5). Saying “No” Is Totally Your Right
As hard as it can be sometimes to allow ourselves to enjoy holiday foods we like without guilt, it can be even harder to say no to food we don’t want, but someone is pushing on us.
We all have those people in our family, or friend groups, who like to push food on people. Grandparents are notorious for this, “Come on! Eat a slice of pie, there’s so much left!” They might lay the guilt on really thick, but here’s the deal: it isn’t your responsibility to make someone happy by eating things you don’t want to eat, especially when you’re full.
Setting boundaries isn’t rude.
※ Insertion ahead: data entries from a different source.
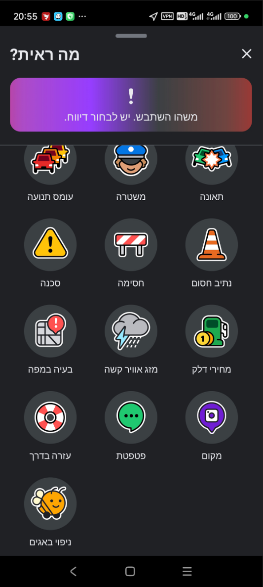 התקנתי מחדש אפליקציה אם מחיקה מלאה קודם. עכשיו כמו אצלך מופיע כל הזמן. לא חושב שזה היה באג. אולי איזה משהו ניסיוני שבמקרה עליתי עליו. בגרסאות בטא הכל יכול להיות… יהיה טוב אם פיצ’ר זה יעבוד בהמשך. במקרים של חסימות חלקיות, במיוחד בכבישים מהירים זה יעזור מאוד.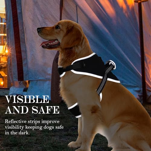 Reflective No Pull Dog Harness for Large Dogs, Easy Control Dog Vest Harness, Breathable Mesh Harness, Comfortable and Adjustable, Metal Ring and Control Handle, Black L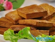 >铁板香烤豆腐的做法步骤1.白豆腐放在冷藏室冷藏24小时。2.倒去水分,用快刀快速将豆腐片成7mm厚度的薄片。3.将多余边角修整齐,豆腐切成5cm见方的小块。4.将豆腐用...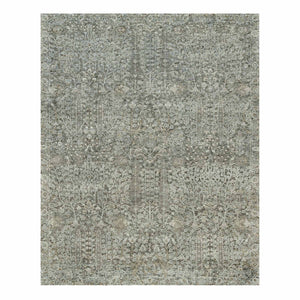 8'1"x10'1" Laid Back Gray, Willow And Cypress Tree Design, Silk With Textured Wool, Hand Knotted, Oriental Rug FWR541314

It’s a sign of self-respect. If saying “no” is a challenge for you, try practicing ways to politely say it. A good example is: “That looks so delicious. I’m very full, but I’d love to take a piece to go and eat it later.” Or if the food doesn’t appeal to you, be honest: “Thank you for offering. I’m not a cheesecake fan, but it looks really good!”
There are so many nice ways to say “no” without insulting a food pusher. Repeat yourself if you need to. Be firm and committed. Don’t let people make decisions for you, especially when it comes to your body.
6). Make the Holiday Your Catalyst for Change
Rather than giving in to mindless eating during the holiday with the intention of embarking on a diet in the new year, try this on for size: don’t diet.
Diets hold the same problem for me that Romantic Comedies do (even though I love a good Rom Com; it’s a complicated relationship): you never see what happens next, after the guy gets the girl (or vice versa), or the opulent wedding, etc. You watch a climactic build up to a big event over a 90 minute timeframe and then…cue end credits. You don’t see the silly arguments that will inevitably pop up about how to load the dish washer, or not closing the fridge door all the way (a common one in my house). In short, you don’t see the work that goes into making things work. Diets, like Rom Coms, make you believe that good things can happen with little to no effort. This simply isn’t the way things are in reality.
Intuitive eating isn’t a diet. It’s a lifestyle, and a daily choice, to show up for yourself; to set healthy boundaries, prioritize self-care, allow space for your favorite foods in moderation, and cultivate intentional food habits, such as planning head. It isn’t built around a stressful and unobtainable goal to be “perfect.” It is built around the idea that what you eat a majority of the time is what matters. One snack or day of eating that isn’t “healthy” will not wreck your body or your life.
The holidays can be stressful enough between flight delays, snow days and fewer hours of daylight. We don’t need to add extra anxiety in to the mix, by agonizing over our food choices. I can’t promise that it will lead to “Peace on Earth,” but it can certainly lead to a peaceful relationship with food, and that’s worth a fresh-baked gingerbread cookie. Maybe two.